The floors throughout are gleaming dark timber, but the walls are off-white, and the counters are all topped with the same light-colored marble as those in the laundry. In the kitchen, the cupboards are the same off-white as the walls, beveled like the garage door. The furniture across all the rooms is all white as well, which contrasts spectacularly with the dark timber flooring, making the whole place feel even bigger and brighter.

Overall, it’s a fabulous mix of modern and classic design, and I feel both comfortable and wholly out of place.

“There’s also a formal lounge and formal dining room down here,” Ted says as he continues to give me the tour, oblivious to my growing unease at the juxtaposition between his world and mine, “and a small office. Upstairs,” we’ve stopped in the main foyer, heralded by a massive double door painted white and a grand staircase carpeted in off-white, with wrought-iron banisters curling up towards the second floor, “there are four bedrooms. Two of those are proper suites -the master and the guest- and the other two standard. Those two share a bathroom.” He smiles at me. “The one closest to the master is the playroom.”

“This is…” Too much. Too ostentatious. Too insane to even imagine. “Wow.”

I knew that, as a senior partner at law firm which, according to Google, is a pretty successful and sought-after one at that, Ted wasn’t exactly lower-middle class like me, but this level of wealth makes me uncomfortable.

I mean, I’m a performer. From when I left home at eighteen and into my early twenties, I was literally a starving artist, one missed paycheck away from homelessness. Things got better when I started booking contracts to tour as a backup dancer, but I still had to watch my spending. Then, after injuring myself, even with the generous medical insurance I was thankfully covered with, I lost most of my savings and am only just now starting from scratch again.

I was exaggerating about the comparative size of my apartment to his laundry, but now as I slowly do a three-hundred and sixty degree turn to take in my surroundings, the contrast seems even more absurd.

Something of my discomfort must show on my face because Ted’s expression morphs into concern. That’s becoming a pattern with us already, and I can’t help but feel that maybe it’s a sign that pursuing a relationship with him isn’t a good idea after all.

Before he can question me, I blurt, “I’m sorry.

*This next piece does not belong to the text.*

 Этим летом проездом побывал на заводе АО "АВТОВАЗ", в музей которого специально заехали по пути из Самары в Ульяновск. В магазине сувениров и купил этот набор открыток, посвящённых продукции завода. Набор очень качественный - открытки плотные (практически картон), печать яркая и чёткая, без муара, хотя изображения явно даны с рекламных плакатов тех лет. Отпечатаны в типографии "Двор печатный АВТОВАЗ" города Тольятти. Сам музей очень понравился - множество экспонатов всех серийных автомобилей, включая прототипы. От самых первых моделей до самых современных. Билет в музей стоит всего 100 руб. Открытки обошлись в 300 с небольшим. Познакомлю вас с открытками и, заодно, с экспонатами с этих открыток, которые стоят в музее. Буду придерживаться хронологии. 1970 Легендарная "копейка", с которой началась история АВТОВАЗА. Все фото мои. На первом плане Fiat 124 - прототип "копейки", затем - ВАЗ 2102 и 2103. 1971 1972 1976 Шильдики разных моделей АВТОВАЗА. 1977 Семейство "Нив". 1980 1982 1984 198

Your home is gorgeous. It’s just…” I exhale. “Intimidating?”

His handsome face flickers with disappointment and something that looks almost like regret before he schools it into something more sheepish and lighthearted. He scratches the back of his neck and gestures wildly around us. “It needed a lot of work when I bought it, and I did much of that myself. It was a project. I like to keep myself busy.”

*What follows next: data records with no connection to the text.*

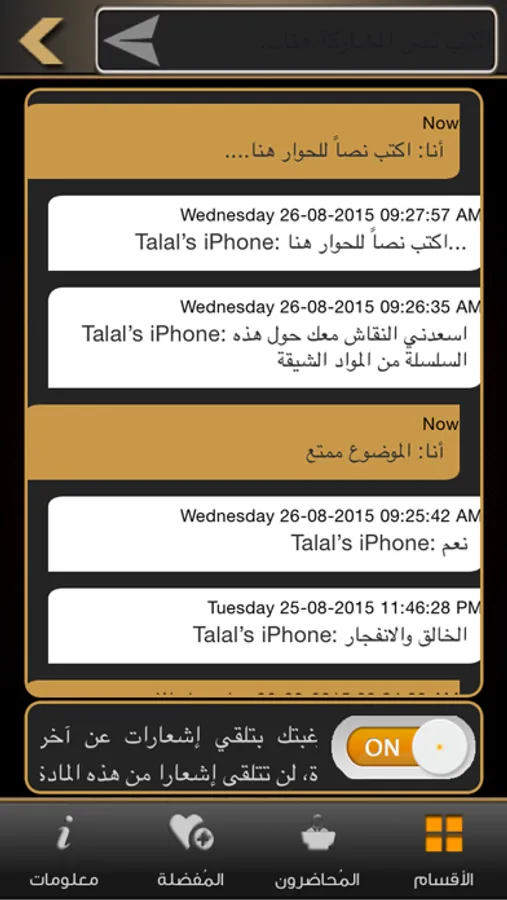يتمتع التطبيق بالمحادثات النصية الفورية المباشرة "تشات Instant Text Chat" مع ميزة وقف أو تفعيل وصول الإشعارات حول نقاش مادة معينة في حال عدم الرغبة في الاستمرار بالنقاش.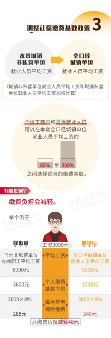 举个例子,假设你的月薪为3000元,当地非私营单位在岗职工平均工资为6000元,在调整之前,你的要按照60%的社保缴费下限也就是3600元来缴费,每月缴费是288元。
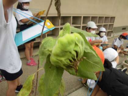 春から育てていたヒマワリも花が咲き、だんだんしおれてきました。子どもたちは花の咲いた後が重たくなっているところに気づいている様子でした。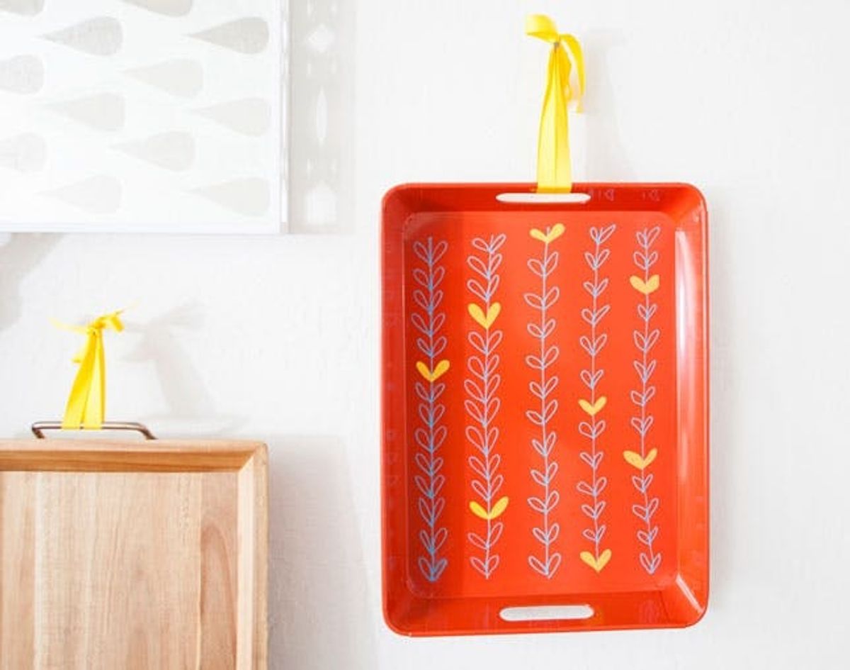To turn these trays into wall art, simply tie ribbon around the handle and hang. If your tray tilts off the wall, use sticky tack on the bottom edge to keep level against the wall.
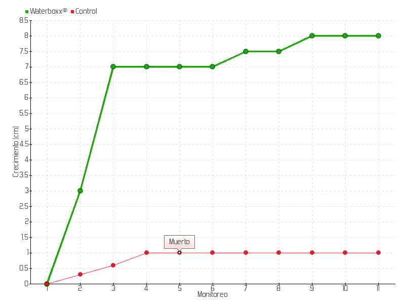 | Monitoreo | Fecha | Altura | Crecimiento | Tasa de crecimiento | Crecimiento total |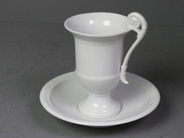 WHITE CHINA CONTINENTAL CHOCOLATE / TALL COFFEE CUP AND SAUCER (X4)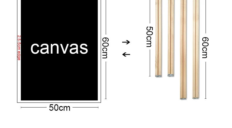 (Пожалуйста, убедитесь, что ваш картина имеет дополнительный вес 2,5 см, то есть размер брезентового должно быть не менее больше, чем размер 5 см деревянный каркас)

The last sentence has weight behind it that I can’t interpret, but I look around again, trying to gauge just what kind of manual labor he’s put into it. As much as I don’t try to stereotype, I highly doubt he made any structural changes himself. Or electrical or plumbing. Unless he counts hiring people to do it for him as doing it himself? But he’s not like that. Or, at least, he hasn’t come off that way in the week I’ve known him.

As if reading my mind, Ted starts pointing at the walls, “I tore off the old, peeling wallpaper and painted it all myself.” He pauses, then rolls his eyes with a playful air. “Alright, sometimes the guys came over to help. Anyway,” he points to the floors, “some moron had tiled over the hardwood, so pulling them up, then sanding, staining, lacquering and polishing the floors happened, too. Then there was a lot of minor stuff, just little repairs here and there, and I got contractors in to redo the kitchen, laundry and bathrooms, and the re-carpeting. It took almost a year to get it looking this way.”

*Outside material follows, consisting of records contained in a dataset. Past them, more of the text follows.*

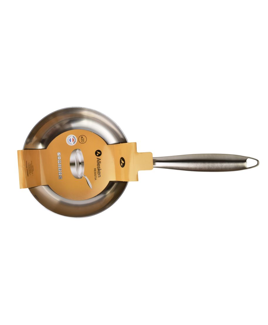 RESISTIA Patelnia stalowa 20cm z nowoczesnym designem marki Allesken.Patelnia RESISTIA o średnicy 20 cm to idealne rozwiązanie dla osób ceniących sobie elegancję oraz funkcjonalność w kuchni. Wykonana ze stali szlachetnej, łączy w sobie nowoczesny wygląd z doskonałą jakością wykonania, co sprawia, że każde gotowanie staje się przyjemnością.Kluczowe cechyWysokiej jakości stal nierdzewna zapewniająca trwałośćElegancki połysk, który przyciąga wzrokErgonomiczny kształt ułatwiający użytkowanieWiele zastosowań: od smażenia po duszenieŁatwość w czyszczeniu dzięki gładkiej powierzchniDlaczego warto wybrać kolekcję RESISTIASeria RESISTIA łączy w sobie nowoczesny design z funkcjonalnością, co czyni ją idealnym wyborem do każdej kuchni. Każda patelnia została starannie zaprojektowana z myślą o maksymalnym komforcie użytkowania. Elegancki połysk stali szlachetnej i ergonomiczny uchwyt sprawiają, że gotowanie staje się nie tylko łatwe, ale i estetyczne.Zastosowanie i pielęgnacjaPatelnię można używać na wszystkich typach kuchenek, w tym indukcyjnych. Zaleca się mycie ręczne, aby zachować jej oryginalny wygląd przez długi czas. Można używać lekko metalowych narzędzi kuchennych, ale należy unikać tych z ostrymi krawędziami, aby nie zarysować powierzchni.Dane techniczneWymiary 20x41x5,5cmMateriał stal nierdzewnaKolor srebrny, posiada dodatkowy klucz aby dokręcić rączkę.Kompatybilność wszystkie typy kuchenekZapakowana w obejmę oraz jednostkowo w brązowy karton.Kluczowe zasady i ryzyka:. Wpływ na wykończenie: Regularne mycie w zmywarce może sprawić, że patelnia z czasem stanie się matowa lub pojawią się na niej przebarwienia.. Korozja i plamy: Agresywne detergenty w zmywarce mogą powodować powstawanie plam, a w skrajnych przypadkach piting (wżery).. Sól: Nie pozostawiaj resztek słonego jedzenia na patelni przed włożeniem do zmywarki, ponieważ może to prowadzić do korozji.. Delikatne mycie: Jeśli zmywarka jest konieczna, używaj łagodnych detergentów i unikaj długich, bardzo gorących cykl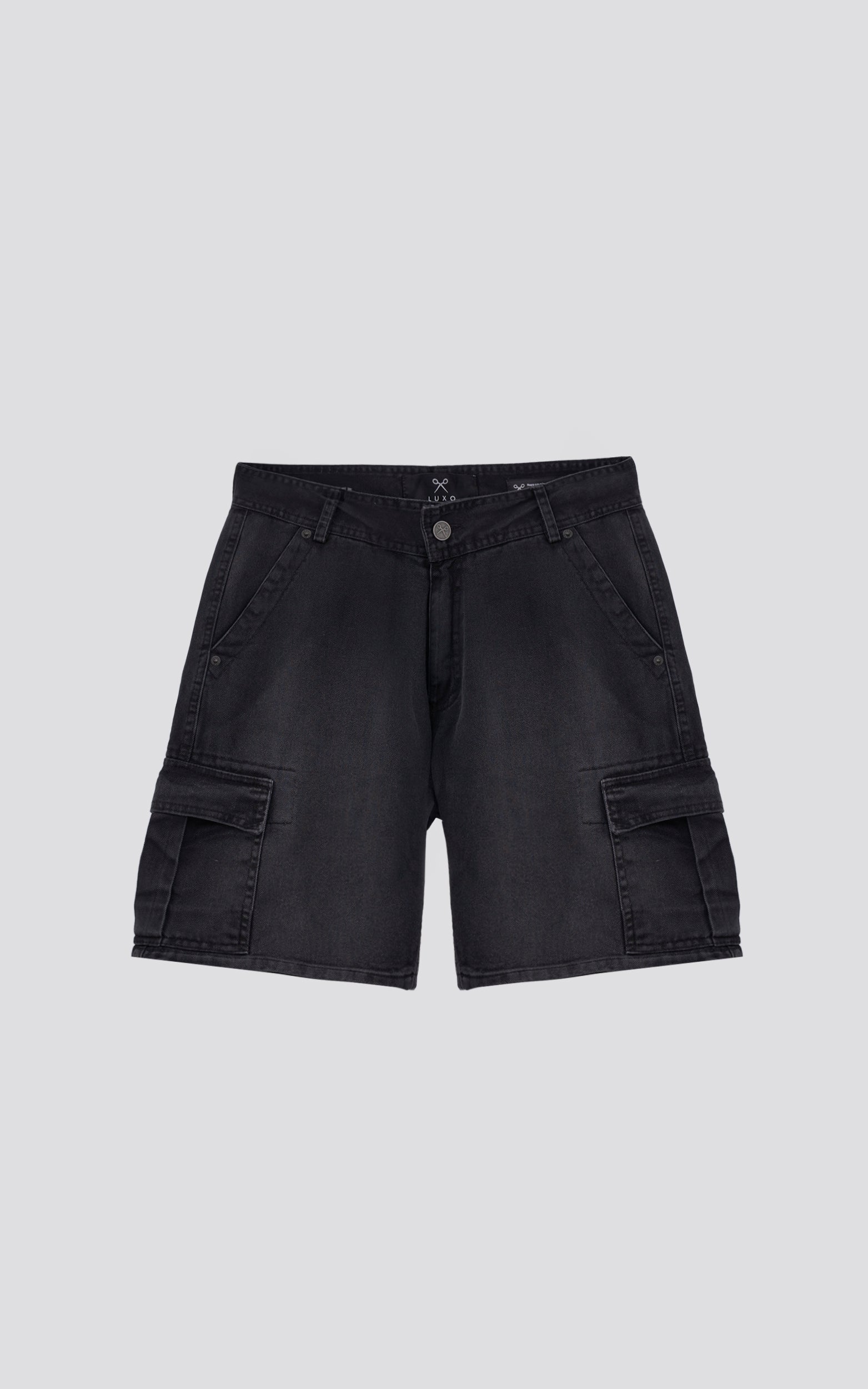 Bermuda de denim clásica con cinco bolsillos, calce regular, con ruedo efecto desflecado, confeccionada en textil denim rígido 100% algodón.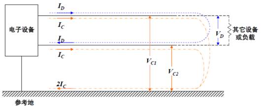 3. 器件上的電路走線與大地之間有電位差,這樣電路走線上會(huì)產(chǎn)生共模干擾電流。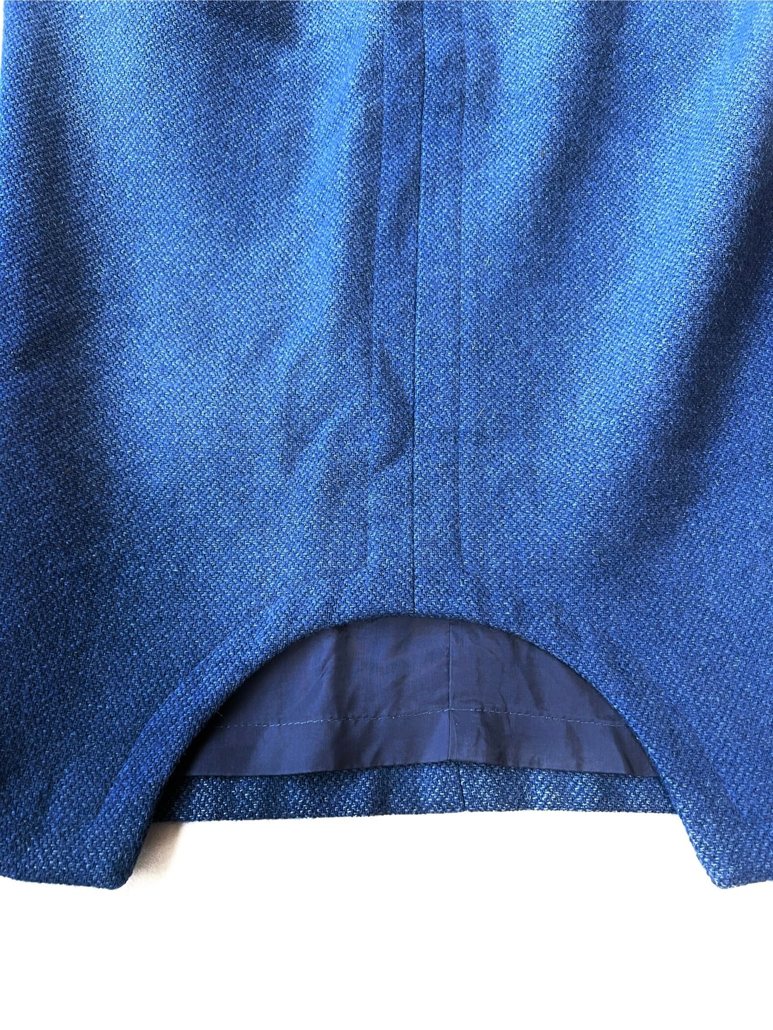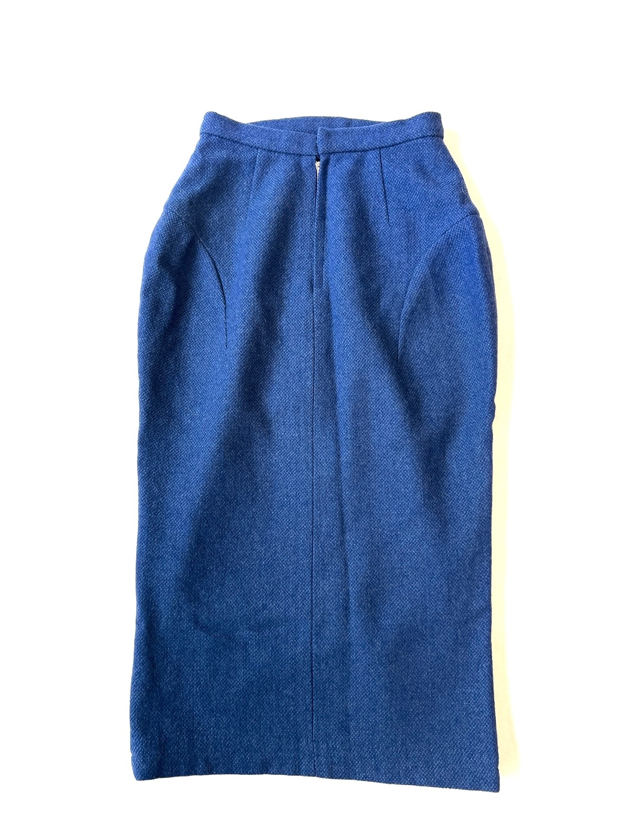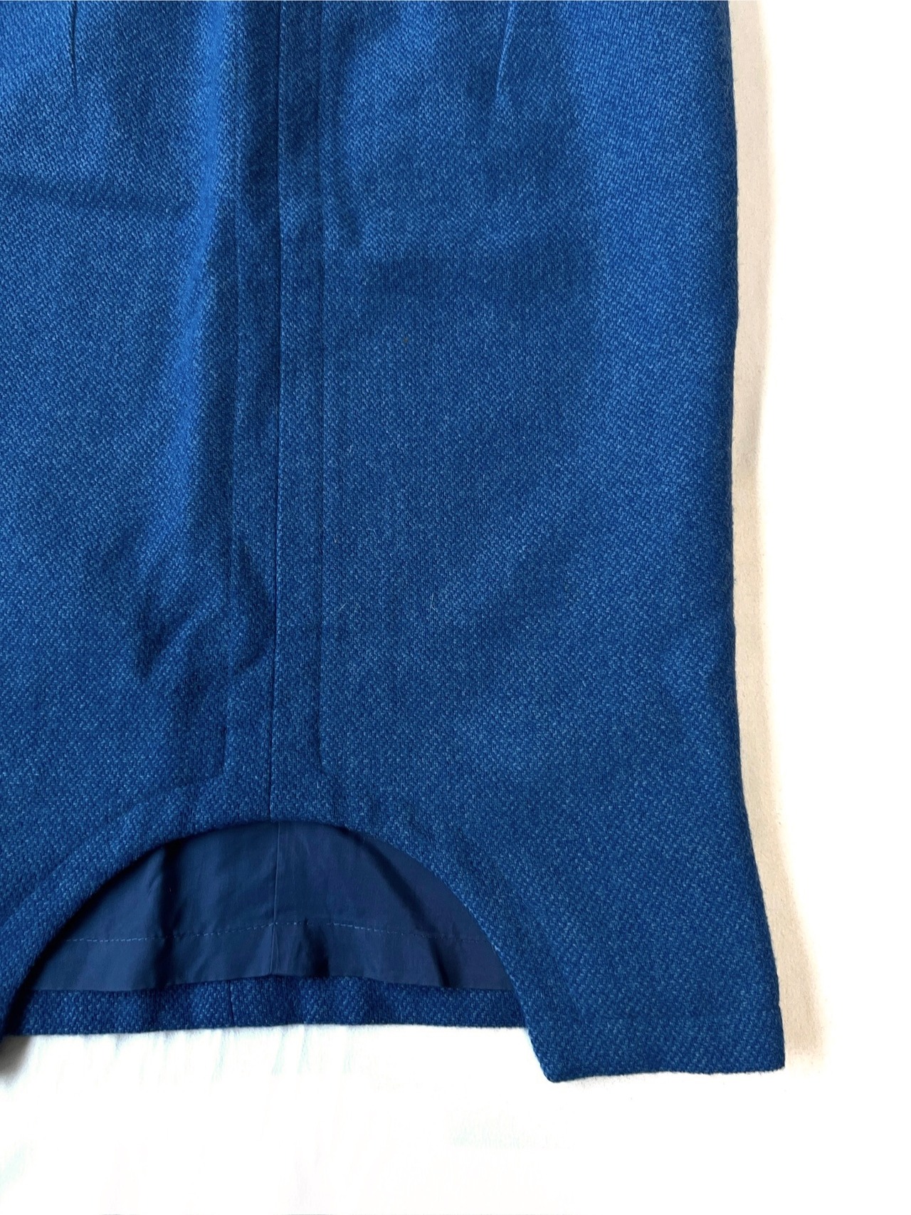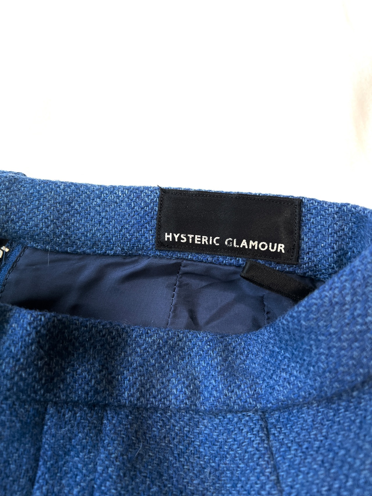 鮮やかなブルーの上質な素材と、計算されたシルエット、初期のヒステリックならではの大胆なディテール、あえて無地パターンを採用したモードを感じる希少な逸品です。

“Wow,” this time when I say the word, it’s with more awe than abject horror. “That’s…intense.”

“Like I said, I like to keep busy.”

I want to probe into that, but there’s a guardedness to him that prevents me from doing so. I figure we all have our hang-ups and baggage, and it’s probably not the sort of thing to be delving into on a first date. Or would this be our second, if you count the wedding?